START Recorded information
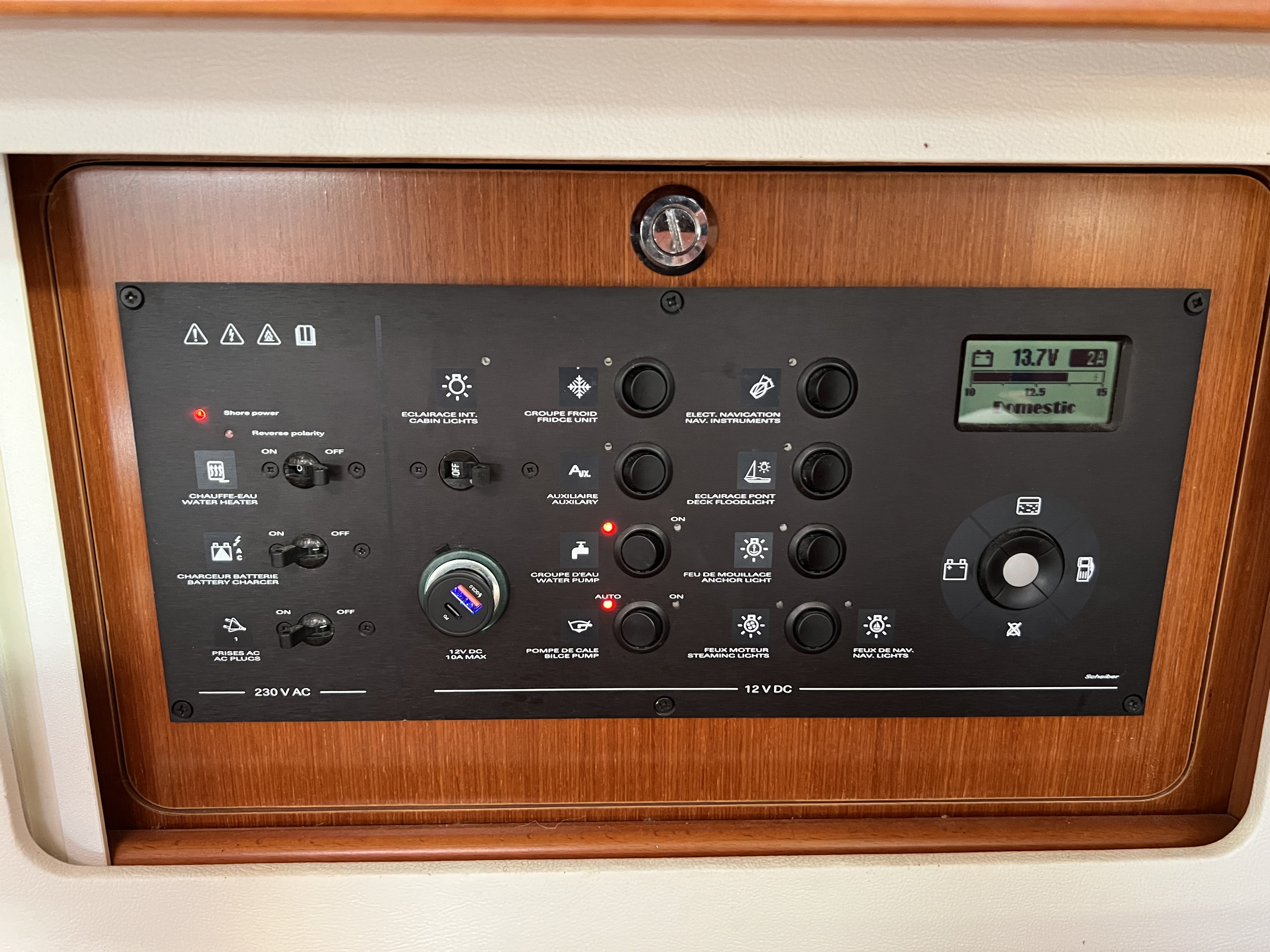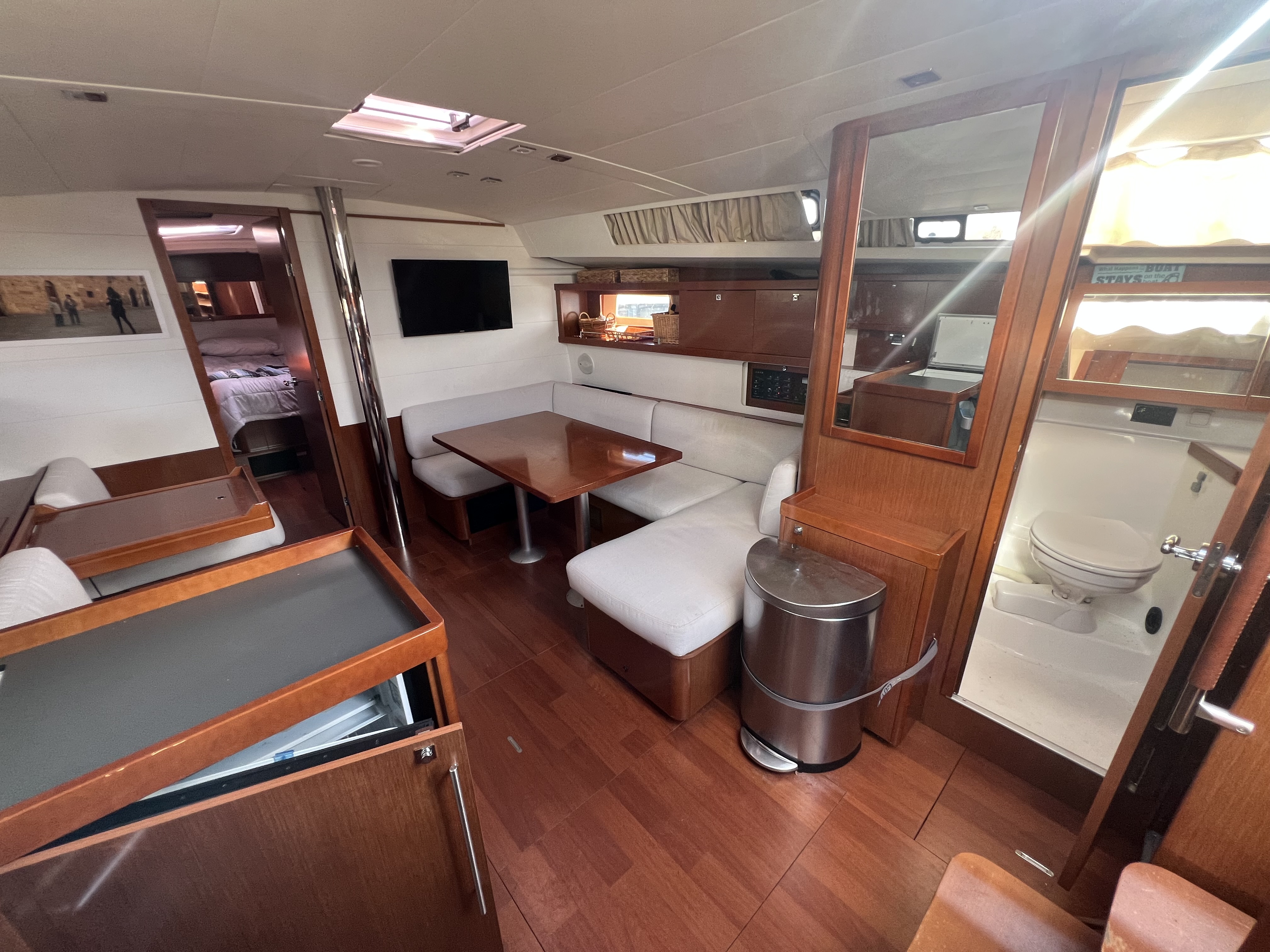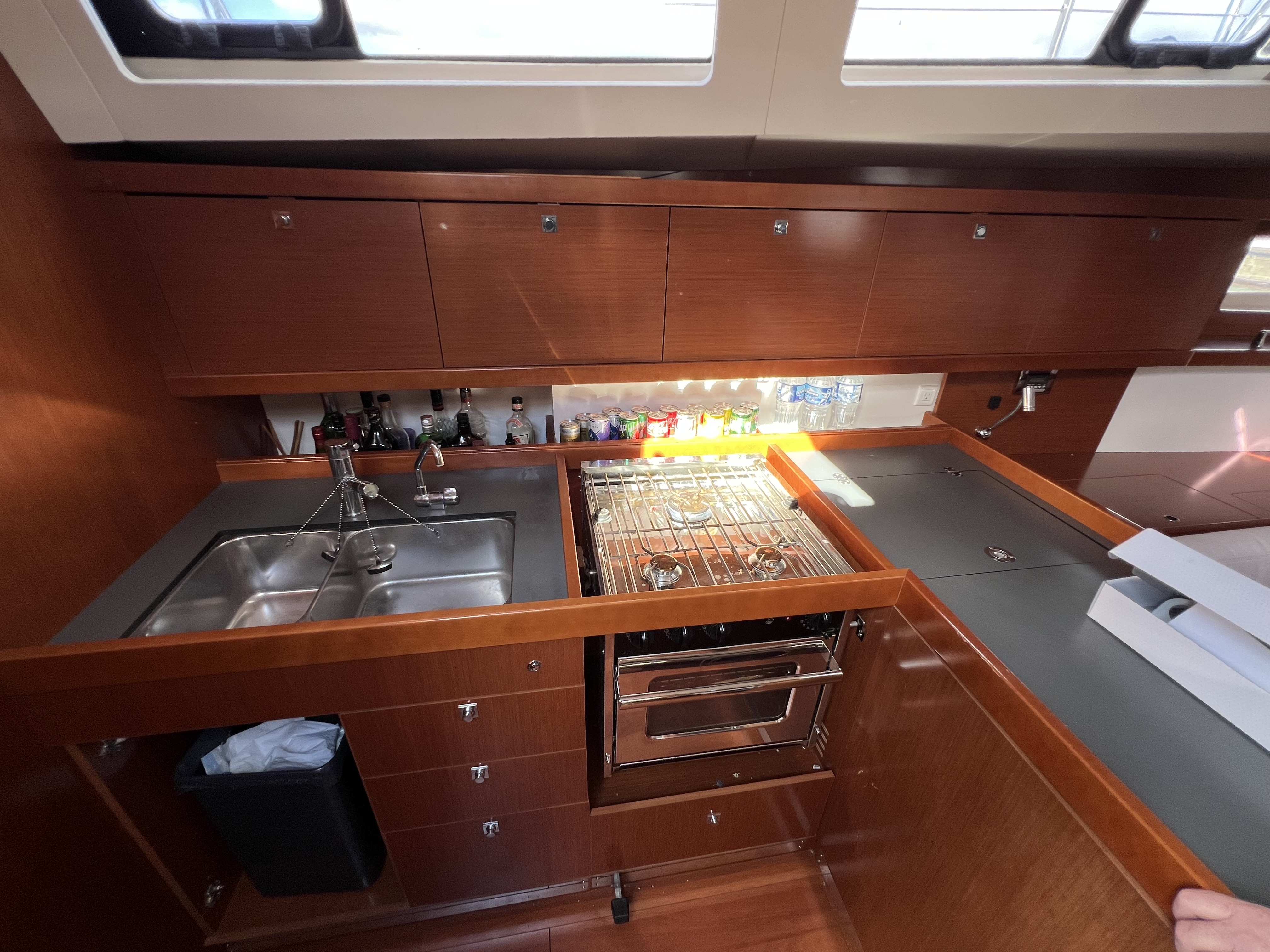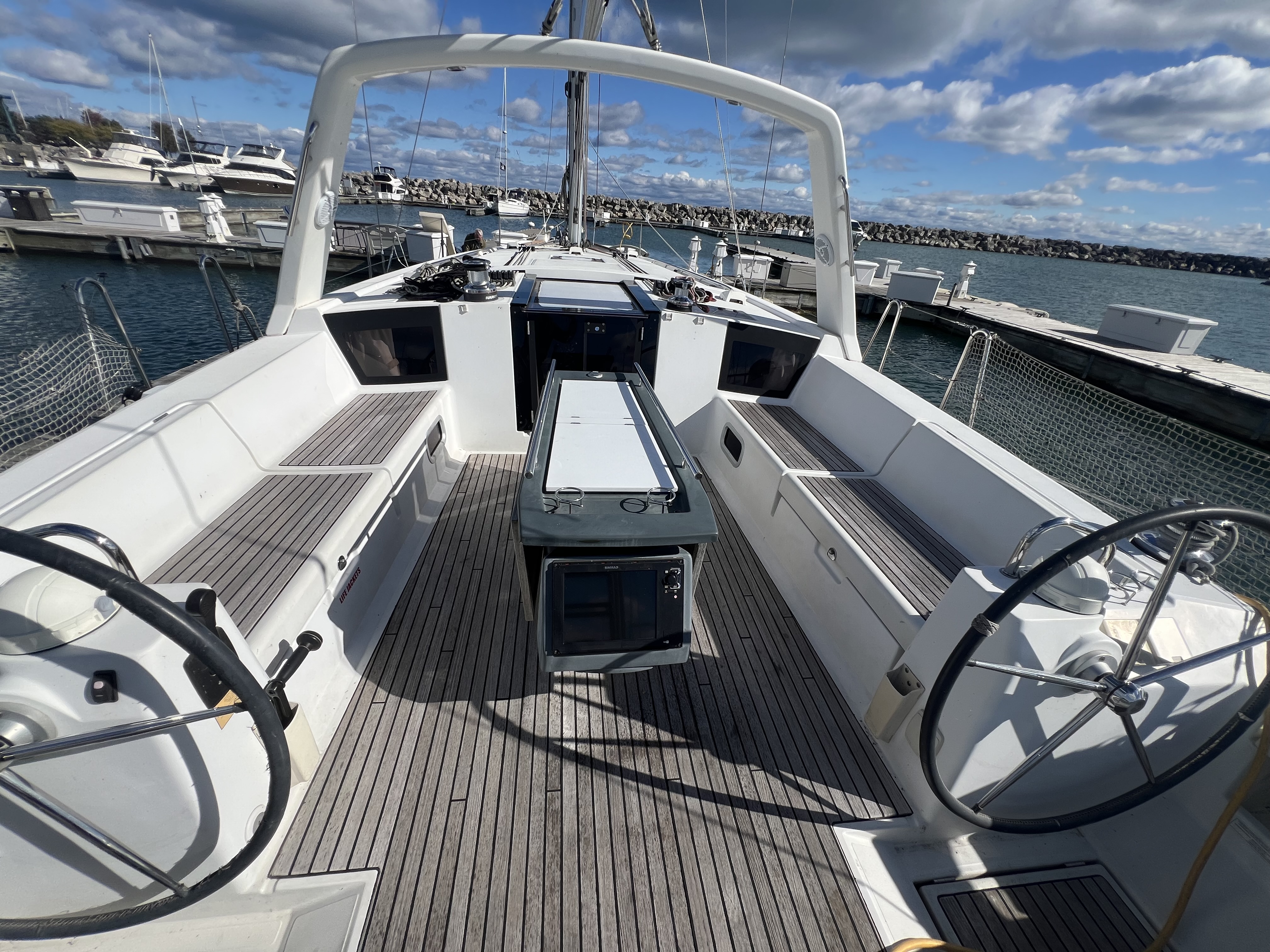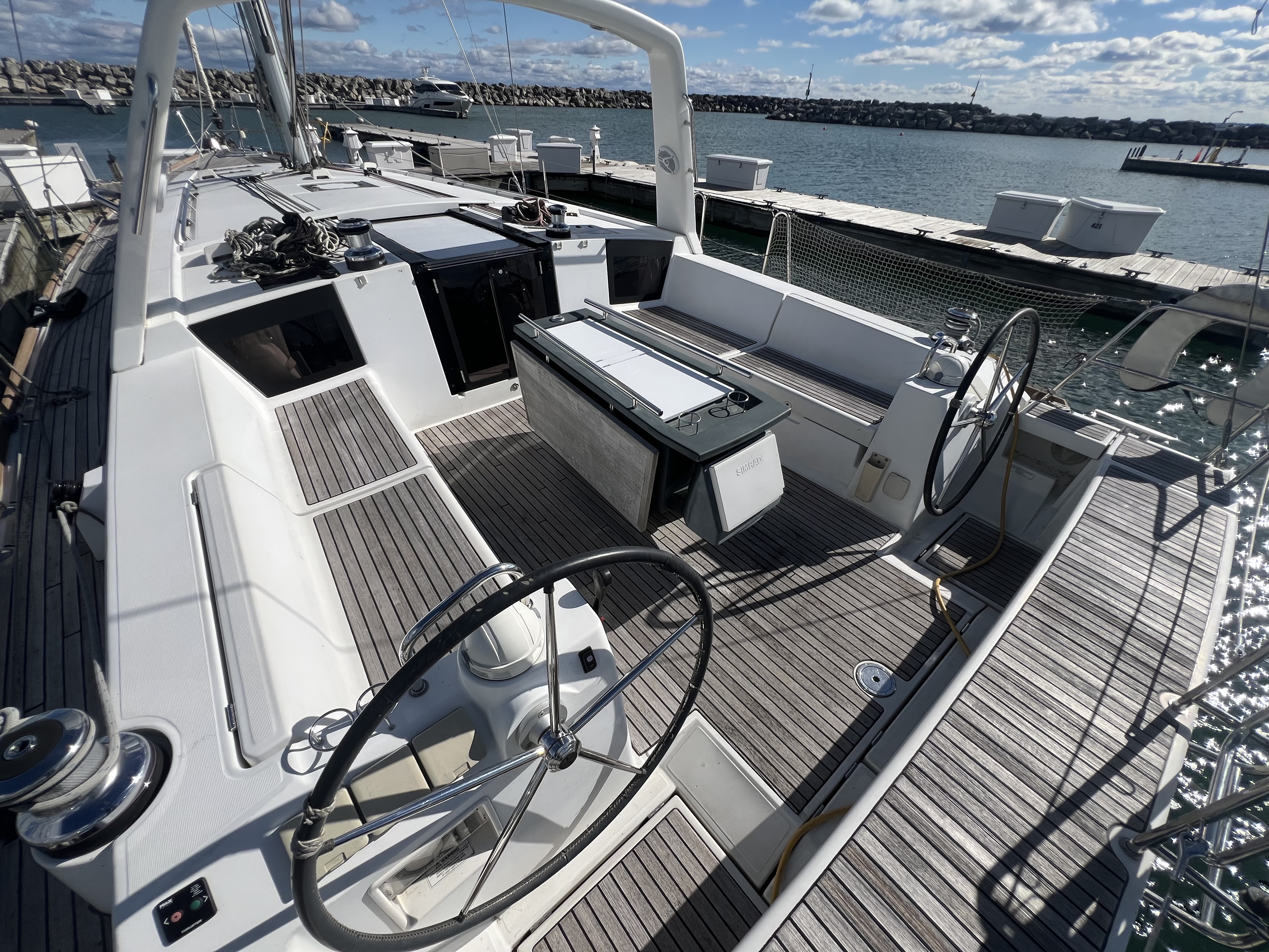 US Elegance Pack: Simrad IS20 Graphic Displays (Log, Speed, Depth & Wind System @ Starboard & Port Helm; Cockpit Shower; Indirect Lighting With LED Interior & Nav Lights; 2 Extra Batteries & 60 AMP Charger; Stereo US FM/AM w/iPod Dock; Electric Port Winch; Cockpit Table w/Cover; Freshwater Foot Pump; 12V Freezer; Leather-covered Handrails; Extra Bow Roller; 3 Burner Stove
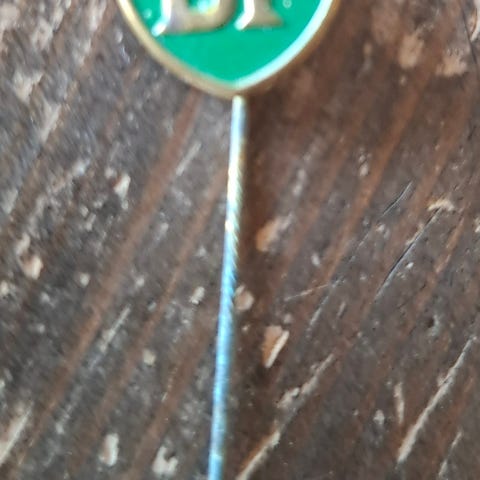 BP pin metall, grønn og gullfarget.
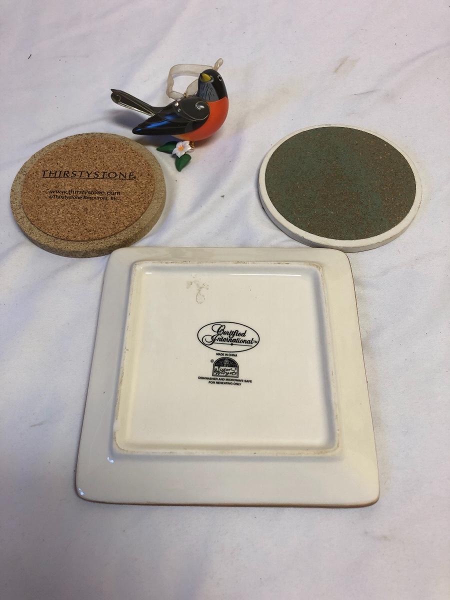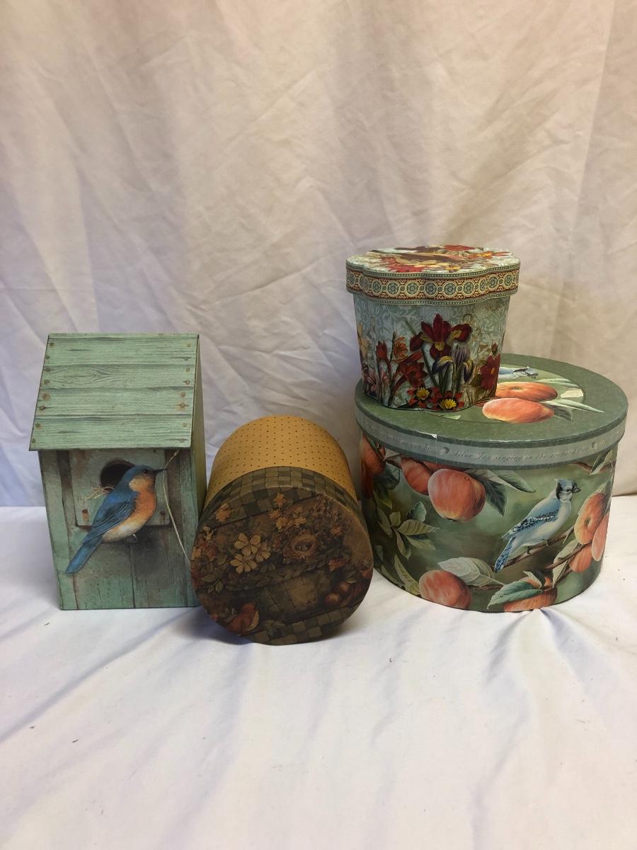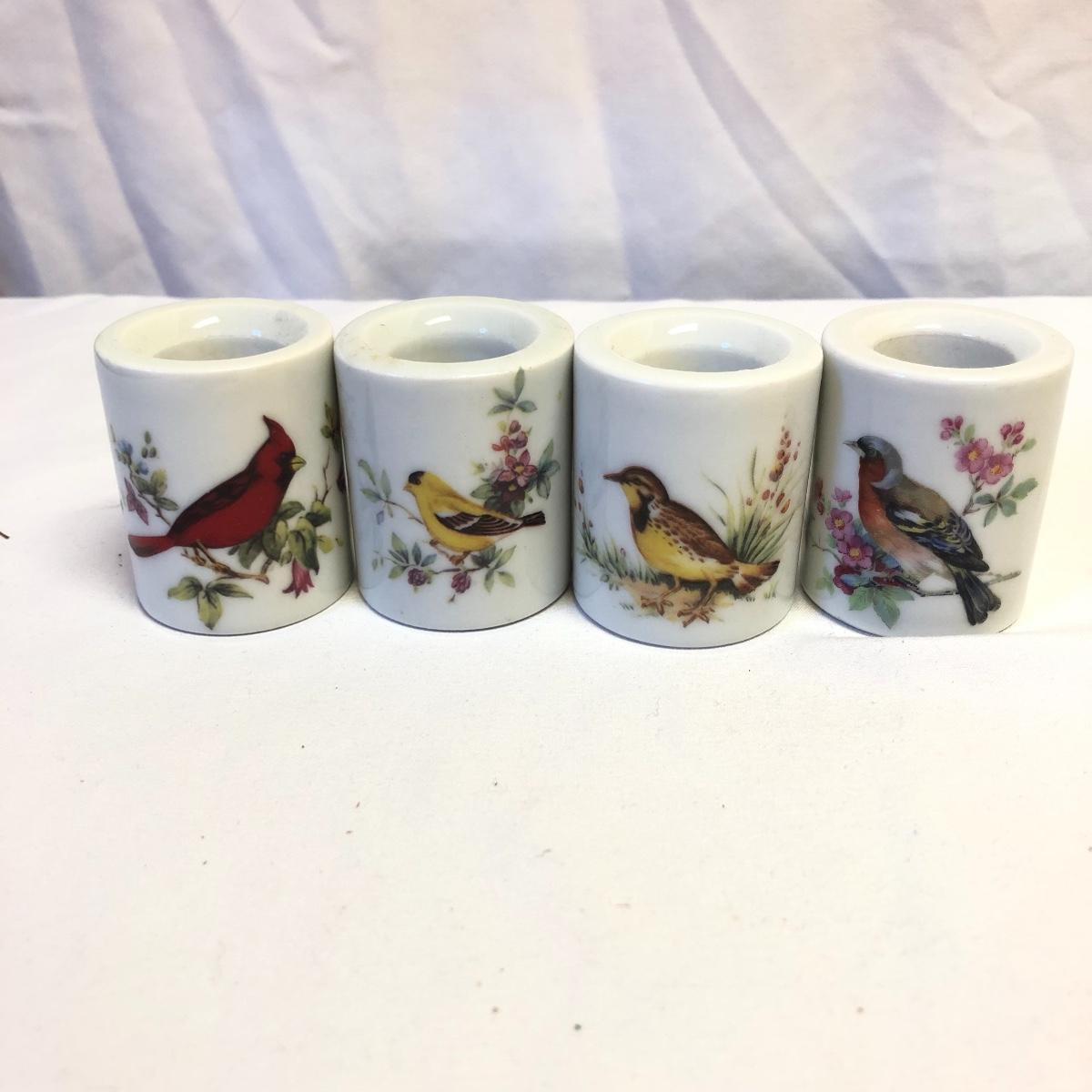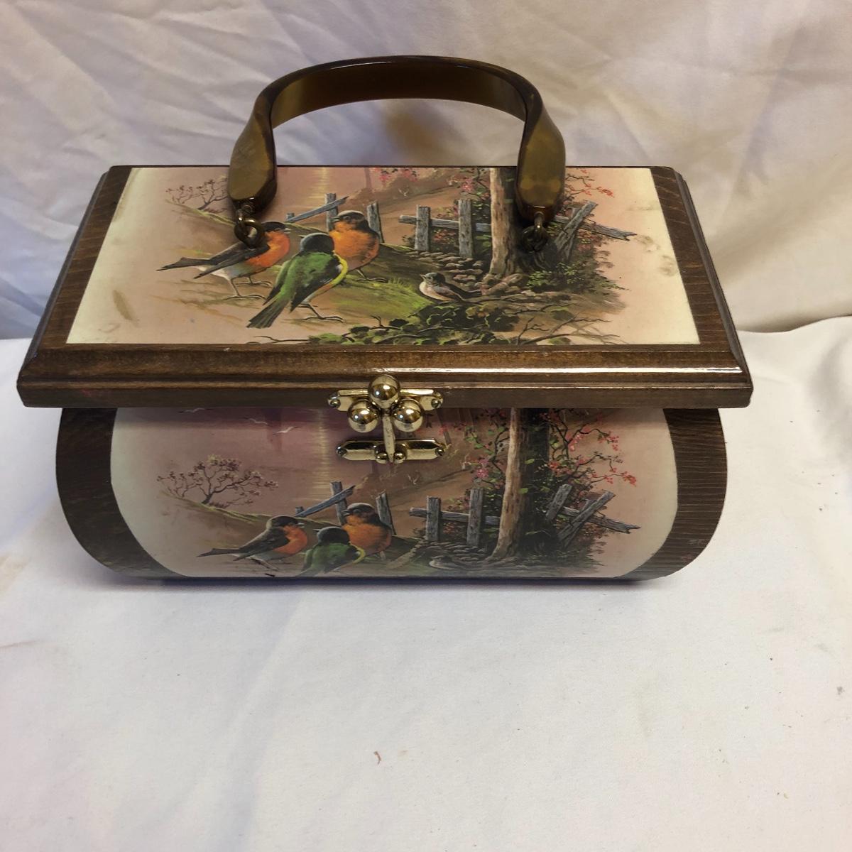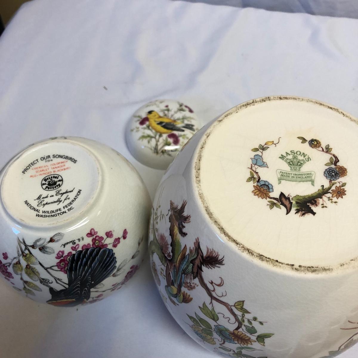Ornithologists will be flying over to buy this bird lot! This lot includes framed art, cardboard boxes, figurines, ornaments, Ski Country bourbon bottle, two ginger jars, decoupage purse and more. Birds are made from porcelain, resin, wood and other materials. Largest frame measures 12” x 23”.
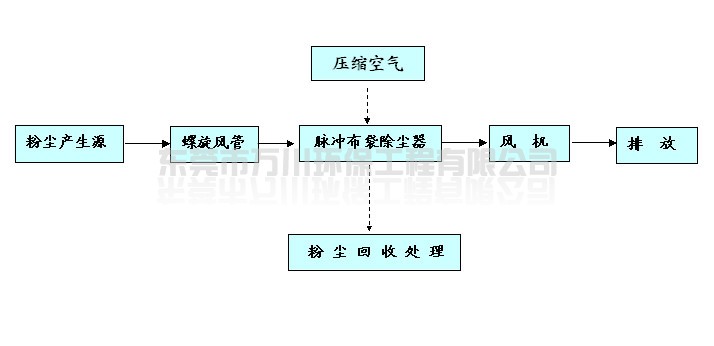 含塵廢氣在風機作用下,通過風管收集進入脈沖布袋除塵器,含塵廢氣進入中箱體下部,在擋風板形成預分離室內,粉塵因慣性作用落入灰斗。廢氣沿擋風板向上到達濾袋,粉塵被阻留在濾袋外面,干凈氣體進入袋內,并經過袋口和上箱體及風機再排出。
END Recorded information
■ Exercise requirements: Transcribe all data precisely. Pictures are not copied.

■ Written solution:
 US Elegance Pack: Simrad IS20 Graphic Displays (Log, Speed, Depth & Wind System @ Starboard & Port Helm; Cockpit Shower; Indirect Lighting With LED Interior & Nav Lights; 2 Extra Batteries & 60 AMP Charger; Stereo US FM/AM w/iPod Dock; Electric Port Winch; Cockpit Table w/Cover; Freshwater Foot Pump; 12V Freezer; Leather-covered Handrails; Extra Bow Roller; 3 Burner Stove
 BP pin metall, grønn og gullfarget.
Ornithologists will be flying over to buy this bird lot! This lot includes framed art, cardboard boxes, figurines, ornaments, Ski Country bourbon bottle, two ginger jars, decoupage purse and more. Birds are made from porcelain, resin, wood and other materials. Largest frame measures 12” x 23”.
 含塵廢氣在風機作用下,通過風管收集進入脈沖布袋除塵器,含塵廢氣進入中箱體下部,在擋風板形成預分離室內,粉塵因慣性作用落入灰斗。廢氣沿擋風板向上到達濾袋,粉塵被阻留在濾袋外面,干凈氣體進入袋內,并經過袋口和上箱體及風機再排出。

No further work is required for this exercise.